The researchers note in their study that high TMB and high HED are independent of each other, but the combined outcome of the two led to benefits from immunotherapy drugs that were greater than either of these effects on their own. “These are the yin and yang of T cell–based immune checkpoint treatment,” Dr. Chan says. “High TMB is less useful if a person is unable to present the mutations to the immune system. Having a high HED allows that to happen.”

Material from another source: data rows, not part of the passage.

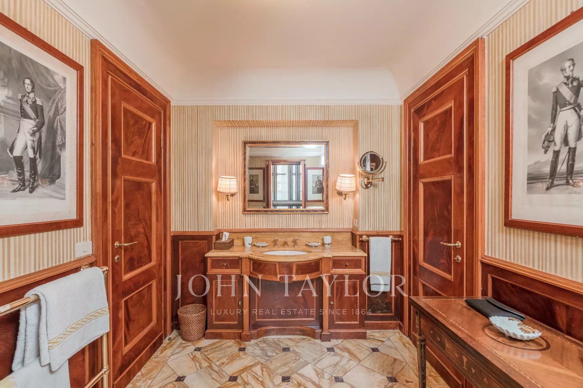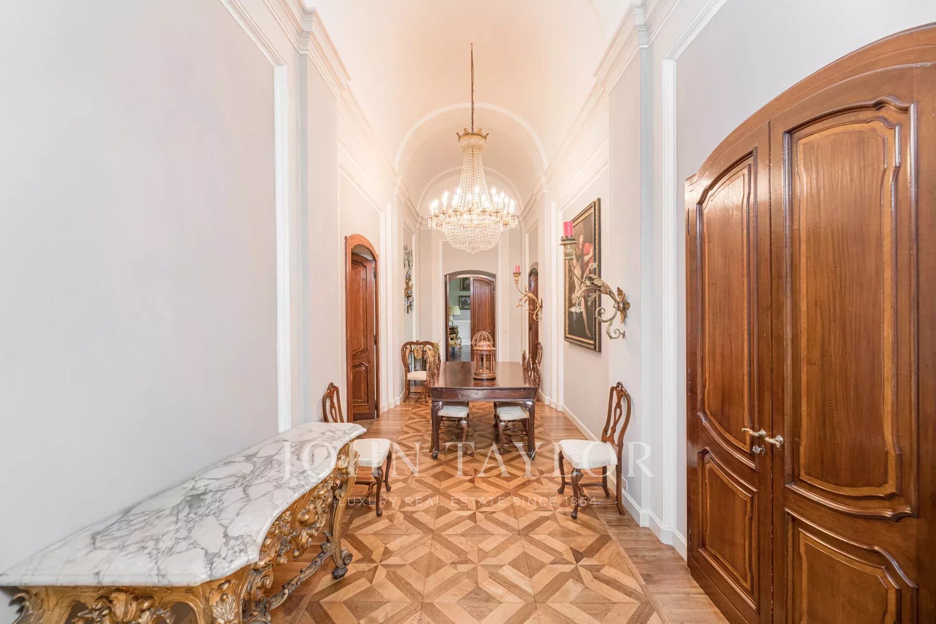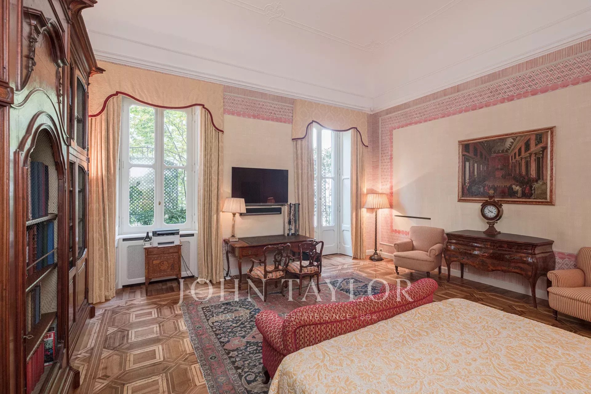 In one of the most exclusive contexts of the city, inside an elegant 1930 period building with full-time concierge service, we offer for sale a unique residence of approx. 500 sqm, arranged on two levels, with internal elevator. The main floor welcomes with a large representative living room with fireplace, a study with antique library, a refined dining room in the large hallway, a TV room with fireplace, and a guest bathroom. The sleeping area includes a master suite with private bathroom and walk-in closet, two further double bedrooms with en-suite bathrooms and walk-in closets, as well as a single bedroom with dedicated bathroom. The mezzanine floor hosts the service area, consisting of laundry, wardrobe, and service room with bathroom. On the ground floor develops the large eat-in kitchen with direct access to the private garden, the garage, and a spacious cellar/pantry. The property is completed by a single garage with the possibility of parking a second car in front. A prestigious residence, perfect for those seeking large spaces, period charm, and a position of absolute value, in the heart of Milan and facing the Indro Montanelli Gardens.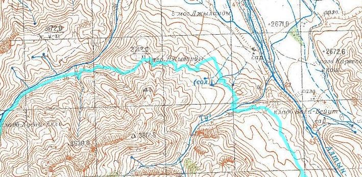 На следующее утро поднялись в 5 утра. Хорошо позавтракали молочными продуктами, которые местные девчушки принесли, когда мы уже легли спать, и отправились дальше вниз по долине реки Тар-Аша. Небо было затянуто облаками. Тропа по прежнему шла по правому берегу. Вскоре мы дошли до поворота в сторону н/к перевала Джыланды на который ведет дорога (Фото 55). С дороги открывается вид на Алайскую долину и реки Тар-Аша. Тропа по долине реки Тар-Аша в Алайскую долину просматривается по левому склону (Фото 54). Сама река находится внизу в ущелье.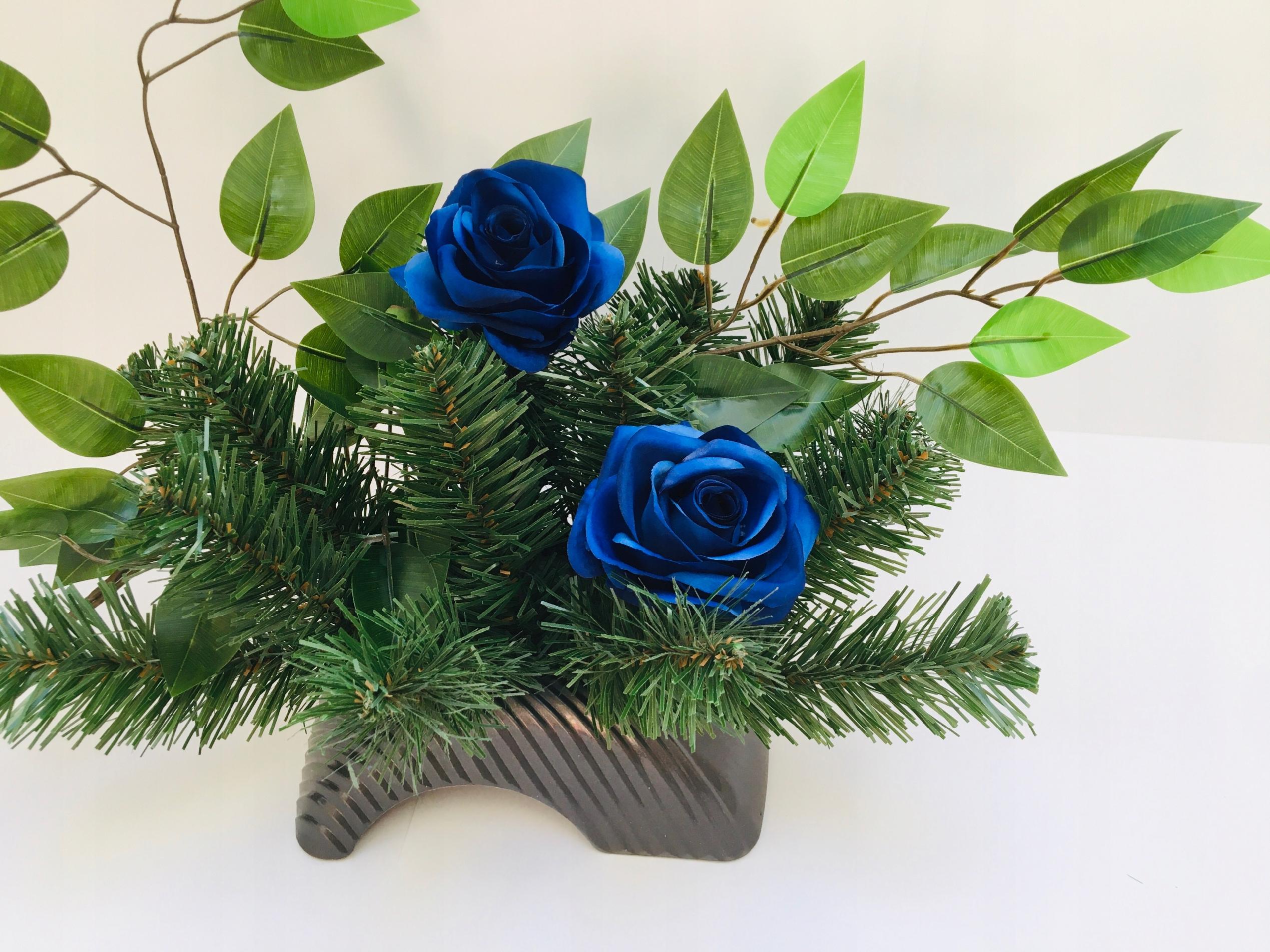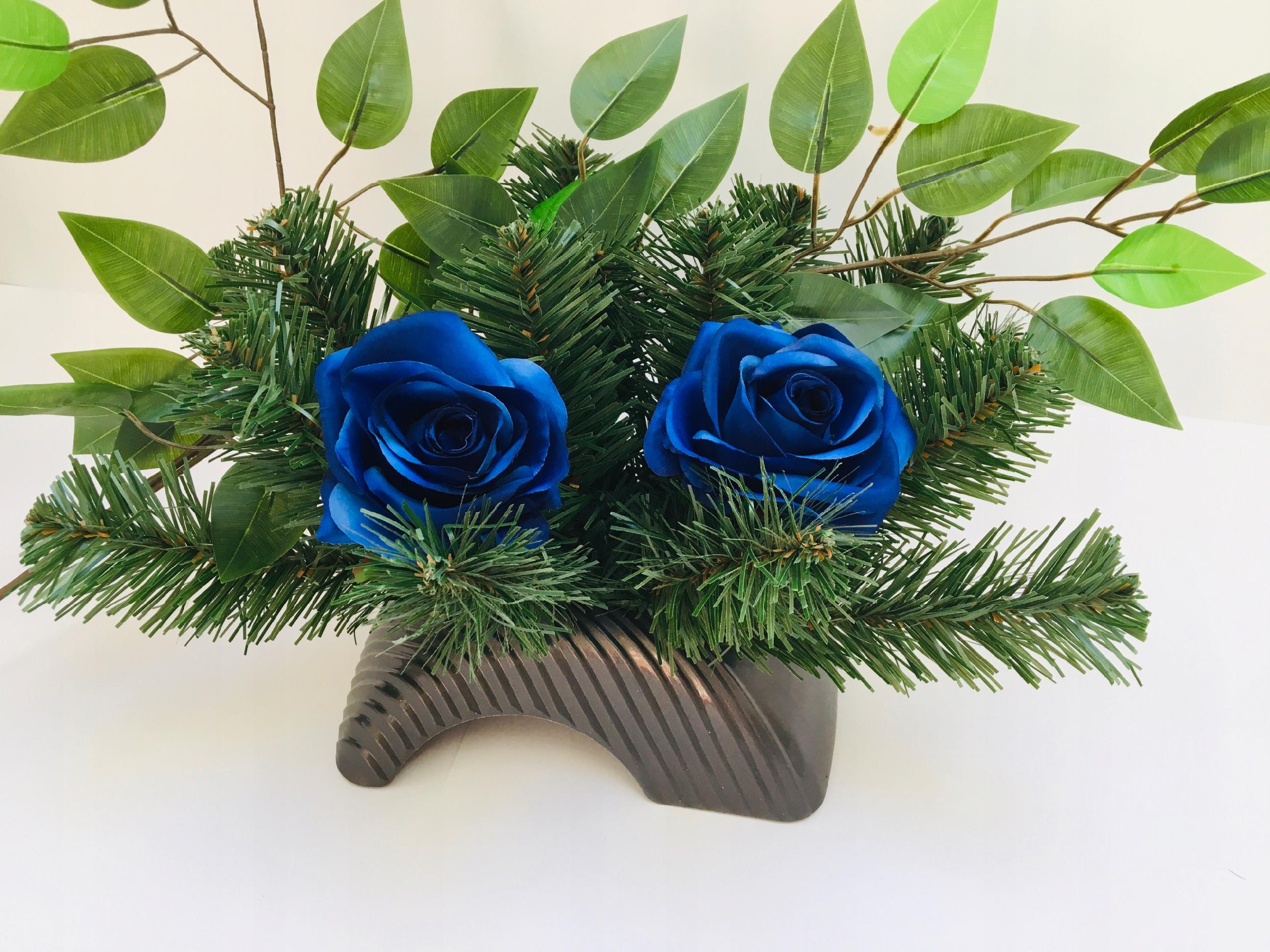 NIEBIESKA RÓŻA SZTUCZNA do kompozycji stroika święta zmarłych bukiet grób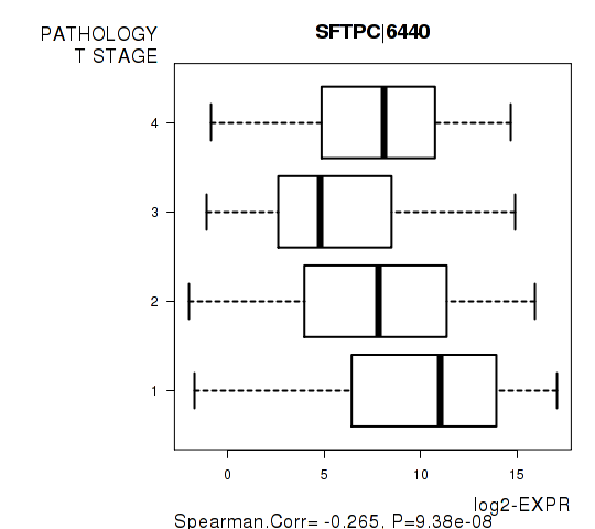 Figure S3. Get High-res Image As an example, this figure shows the association of SFTPC|6440 to 'PATHOLOGY.T.STAGE'. P value = 9.38e-08 with Spearman correlation analysis.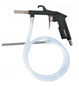 Profesjonalny pistolet do piaskowania Stanley z wężem to wysokiej jakości narzędzie do oczyszczania powierzchni ze starych powłok lakierniczych, rdzy oraz innych zabrudzeń. Pistolet można również używać do kształtowania powierzchni. Oczyszczanie odbywa się za pomocą strumienia sprężonego powietrza i materiału ściernego. Wykonany jest z wytrzymałej stali, pokrytej matową, antypoślizgową farbą. Sposób montażu do węża: na szybkozłączkę 1/4".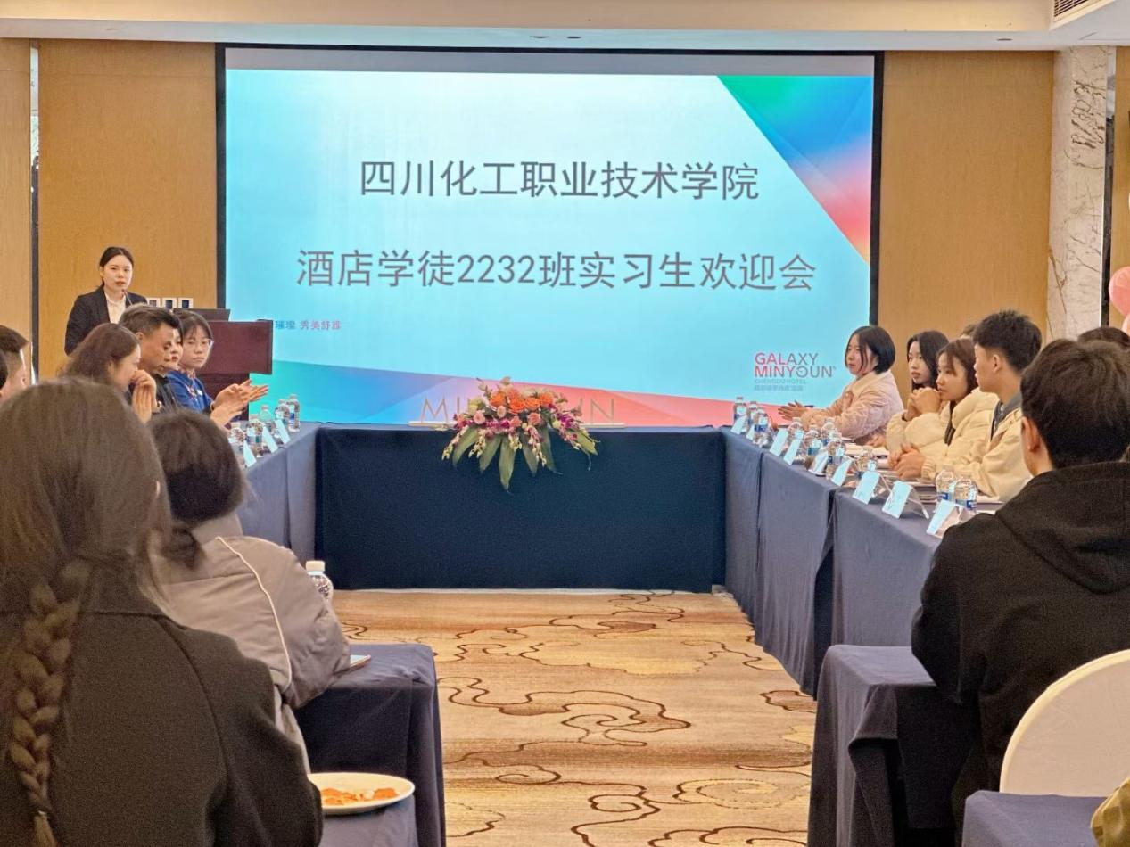 酒店举行了热烈的欢迎仪式,在欢迎仪式上,成都明宇尚雅酒店运营中心总经理雷红莉希望同学们在为期四周的实习中,主动融入,端正态度,多交流多总结,用高标准严格要求自己。成都明宇尚雅酒店综合服务总监彭小勇勉励同学们珍惜机会,虚心请教,努力掌握理论知识和实践技能,不断积累经验。

Finding New Ways to Measure Genetic Diversity

Recent immunotherapy clinical trials have begun to include TMB in their evaluation of how effective checkpoint inhibitors are, Dr. Chan notes. “But among different trials, there is great variation in the role that TMB plays. No one has been able to figure out what’s going on,” he says. “It turns out, we should also be looking at HLA diversity. This finding may account for the unexplained variation that’s seen in the role of TMB in immunotherapy trials.”

He adds that it may also account for the different response rates that have been observed in different parts of the world. HED can vary dramatically depending on where someone lives.

The investigators are now working to develop a standardized way to report HED, so that it can be incorporated into future clinical studies. Dr. Chan’s team is in the process of evaluating HED with industry partners using global phase III trial data. They hope that this measure can eventually become a regular part of cancer diagnosis and be used to match people with cancer with the most personalized treatments.

This research was funded by National Institutes of Health grants (R35 CA232097, RO1 CA205426, and P30 CA008748), the PaineWebber Chair in Cancer Genetics at MSK, and a German Research Foundation grant.

Dr. Chan has filed for a patent related to HED. Additionally, he is an inventor on a patent application filed by MSK relating to the use of TMB in cancer immunotherapy. MSK and the inventors may receive a share of revenue from license agreements relating to these patent applications. Dr. Chan is also a co-founder of Gritstone Oncology and holds equity. He acknowledges grant funding from Bristol-Myers Squibb, AstraZeneca, Illumina, Pfizer, An2H, and Eisai, and he has served as an adviser for Bristol-Myers Squibb, Illumina, Eisai, and An2H.